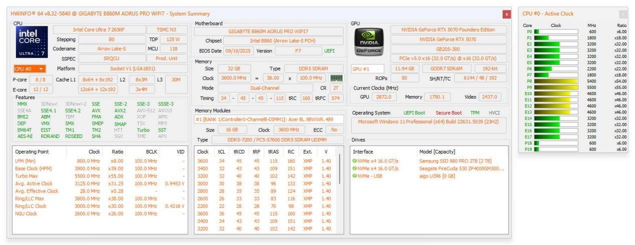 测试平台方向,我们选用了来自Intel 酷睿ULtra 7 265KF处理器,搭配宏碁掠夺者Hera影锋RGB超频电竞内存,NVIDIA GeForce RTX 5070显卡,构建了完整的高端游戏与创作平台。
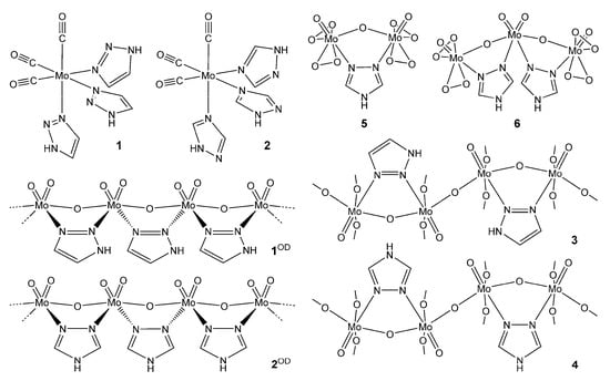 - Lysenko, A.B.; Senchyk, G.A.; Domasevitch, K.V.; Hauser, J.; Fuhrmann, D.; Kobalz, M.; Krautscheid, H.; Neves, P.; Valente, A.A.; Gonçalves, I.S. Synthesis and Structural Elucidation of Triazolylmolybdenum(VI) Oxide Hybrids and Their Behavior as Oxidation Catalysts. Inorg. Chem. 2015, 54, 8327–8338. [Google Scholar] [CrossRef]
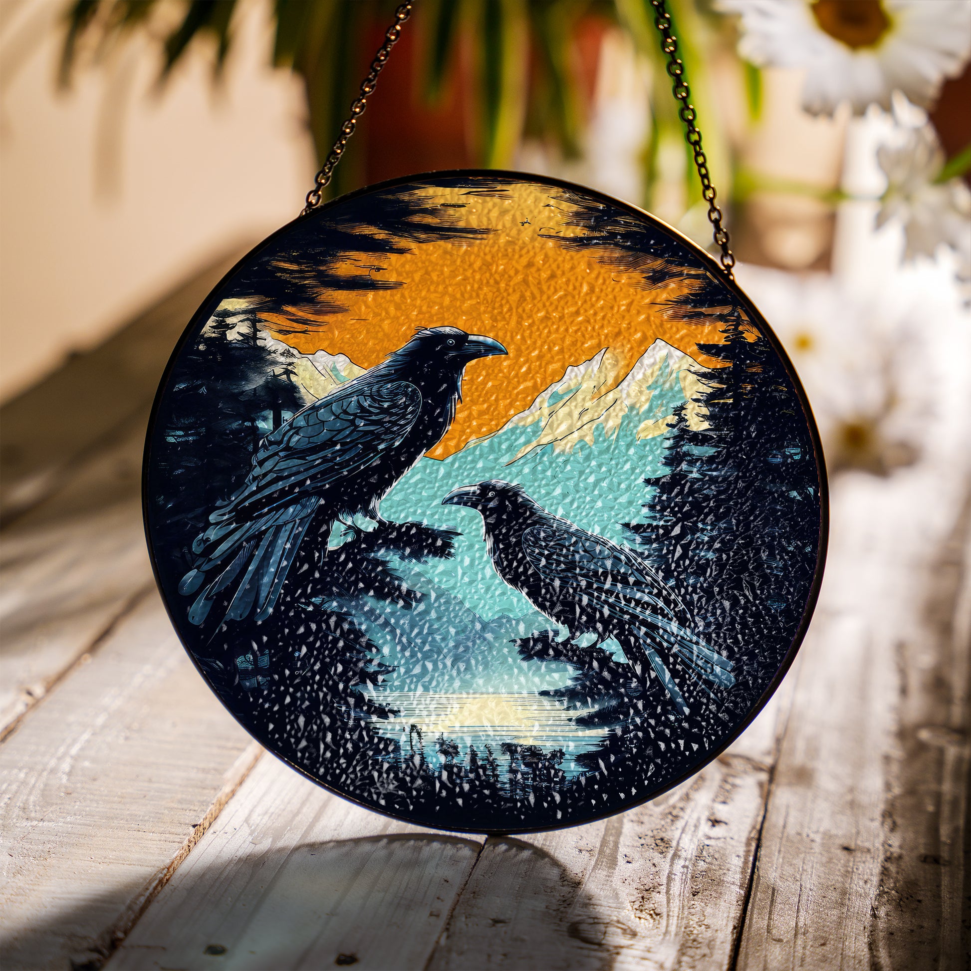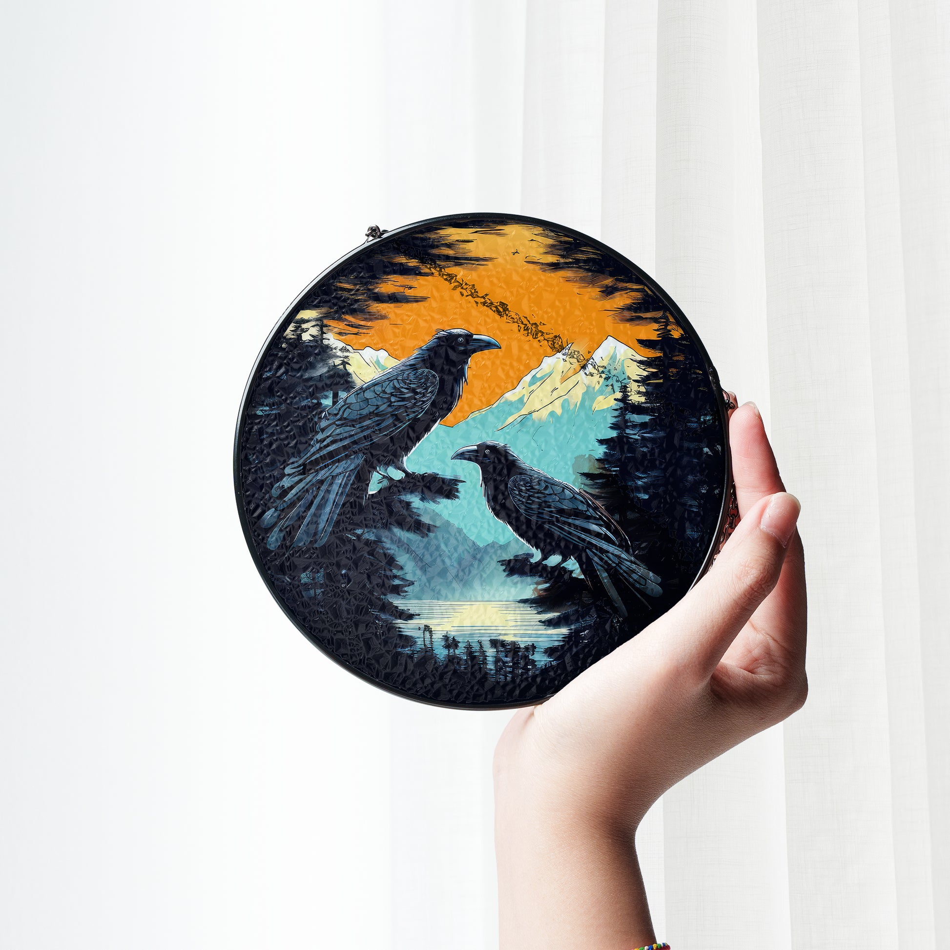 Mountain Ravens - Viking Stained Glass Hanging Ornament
--- --- ---
* PROBLEM DETAILS *
Only exact repeats of the lines from the one containing "- Lysenko, A.B.;" through the end of the listing above are wanted here; pictures are not.

* TASK RESULT *
 - Lysenko, A.B.; Senchyk, G.A.; Domasevitch, K.V.; Hauser, J.; Fuhrmann, D.; Kobalz, M.; Krautscheid, H.; Neves, P.; Valente, A.A.; Gonçalves, I.S. Synthesis and Structural Elucidation of Triazolylmolybdenum(VI) Oxide Hybrids and Their Behavior as Oxidation Catalysts. Inorg. Chem. 2015, 54, 8327–8338. [Google Scholar] [CrossRef]
 Mountain Ravens - Viking Stained Glass Hanging Ornament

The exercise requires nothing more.